Top of Excerpted data

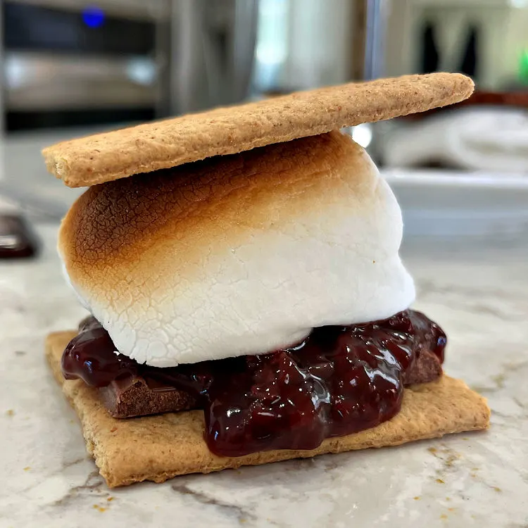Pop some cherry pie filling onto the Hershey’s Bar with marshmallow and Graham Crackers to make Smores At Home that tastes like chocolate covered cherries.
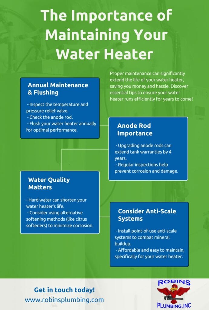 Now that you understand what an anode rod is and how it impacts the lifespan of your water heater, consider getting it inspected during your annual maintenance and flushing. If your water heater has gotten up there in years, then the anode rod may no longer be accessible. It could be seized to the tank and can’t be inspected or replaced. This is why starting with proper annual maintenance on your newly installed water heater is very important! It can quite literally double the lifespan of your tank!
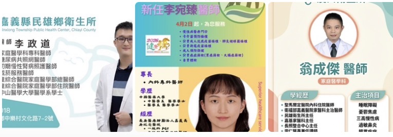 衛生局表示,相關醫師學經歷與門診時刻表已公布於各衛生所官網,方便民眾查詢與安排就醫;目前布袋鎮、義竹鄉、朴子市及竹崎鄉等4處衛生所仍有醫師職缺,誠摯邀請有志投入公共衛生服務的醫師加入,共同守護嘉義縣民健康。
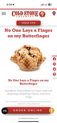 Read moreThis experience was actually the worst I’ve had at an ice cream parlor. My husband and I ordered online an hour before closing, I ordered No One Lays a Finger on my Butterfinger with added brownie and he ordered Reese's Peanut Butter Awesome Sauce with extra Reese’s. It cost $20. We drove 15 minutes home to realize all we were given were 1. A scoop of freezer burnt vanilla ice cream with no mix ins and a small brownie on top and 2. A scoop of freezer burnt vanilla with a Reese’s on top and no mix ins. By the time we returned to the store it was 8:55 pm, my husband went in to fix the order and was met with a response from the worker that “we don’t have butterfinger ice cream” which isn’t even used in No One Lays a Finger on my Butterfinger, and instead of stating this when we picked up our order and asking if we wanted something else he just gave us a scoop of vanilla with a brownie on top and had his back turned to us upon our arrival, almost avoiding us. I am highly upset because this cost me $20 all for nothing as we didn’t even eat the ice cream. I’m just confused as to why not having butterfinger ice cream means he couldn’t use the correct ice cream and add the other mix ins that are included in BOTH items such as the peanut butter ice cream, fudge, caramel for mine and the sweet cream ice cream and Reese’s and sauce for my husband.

Bottom of Excerpted data
Top of Excerpted data

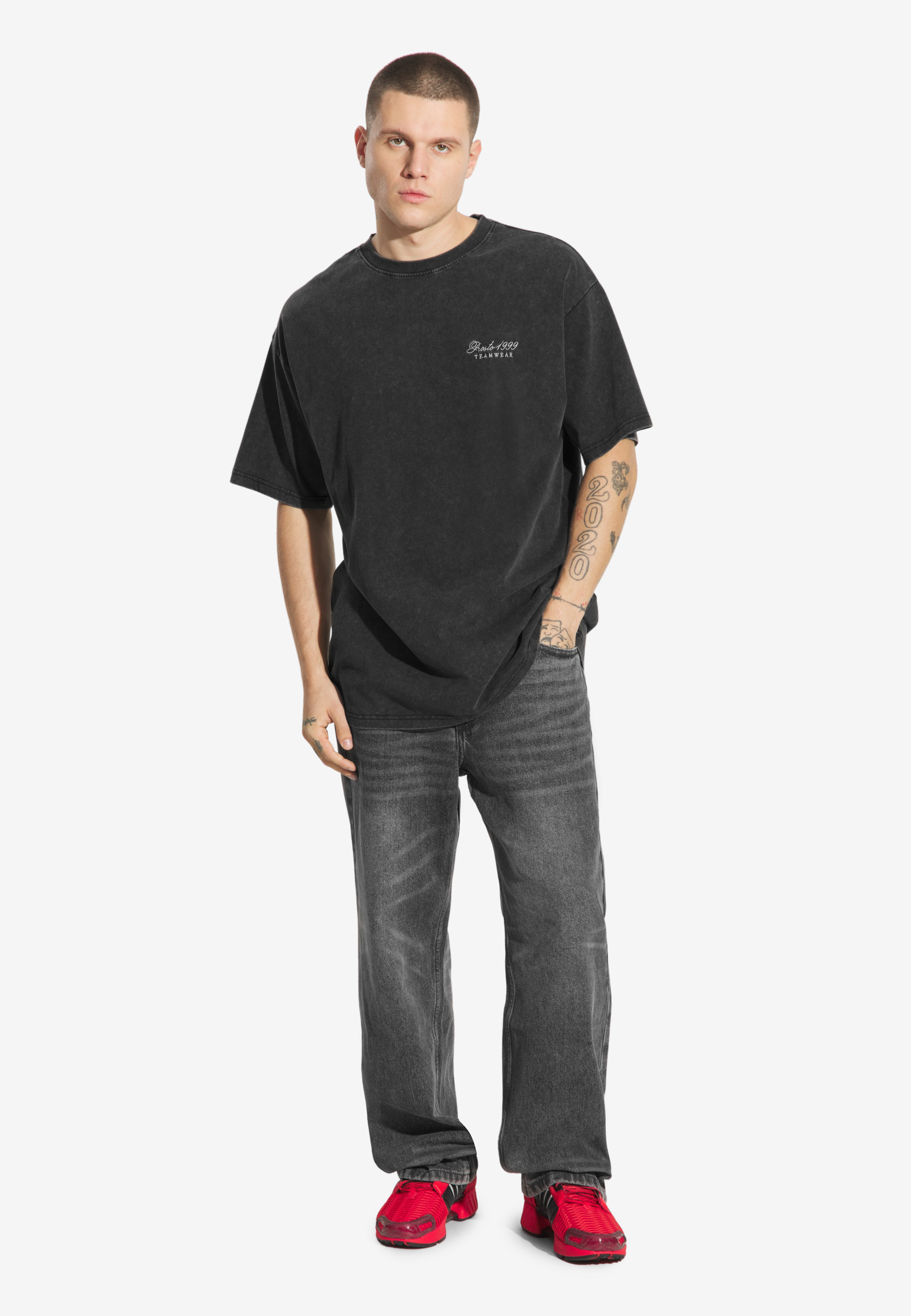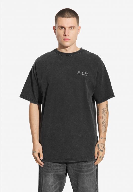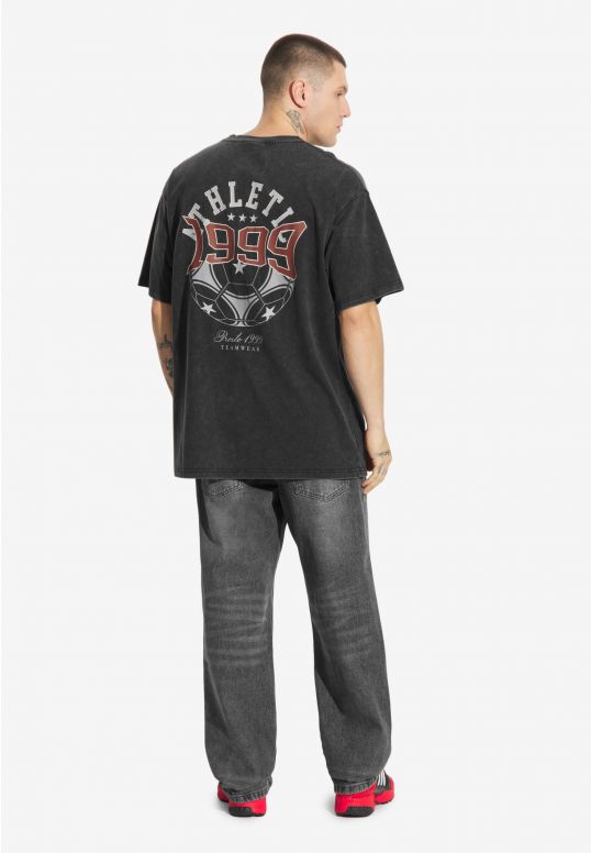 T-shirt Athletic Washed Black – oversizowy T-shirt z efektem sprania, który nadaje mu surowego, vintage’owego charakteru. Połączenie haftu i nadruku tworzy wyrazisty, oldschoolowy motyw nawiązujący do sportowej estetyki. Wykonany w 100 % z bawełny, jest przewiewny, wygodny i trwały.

Bottom of Excerpted data

Your answer should be the lines above, word for word, from the line with "Pop some cherry" through the line with "衛生局表示,相關醫師學經歷與", minus the pictures.

Pop some cherry pie filling onto the Hershey’s Bar with marshmallow and Graham Crackers to make Smores At Home that tastes like chocolate covered cherries.
 Now that you understand what an anode rod is and how it impacts the lifespan of your water heater, consider getting it inspected during your annual maintenance and flushing. If your water heater has gotten up there in years, then the anode rod may no longer be accessible. It could be seized to the tank and can’t be inspected or replaced. This is why starting with proper annual maintenance on your newly installed water heater is very important! It can quite literally double the lifespan of your tank!
 衛生局表示,相關醫師學經歷與門診時刻表已公布於各衛生所官網,方便民眾查詢與安排就醫;目前布袋鎮、義竹鄉、朴子市及竹崎鄉等4處衛生所仍有醫師職缺,誠摯邀請有志投入公共衛生服務的醫師加入,共同守護嘉義縣民健康。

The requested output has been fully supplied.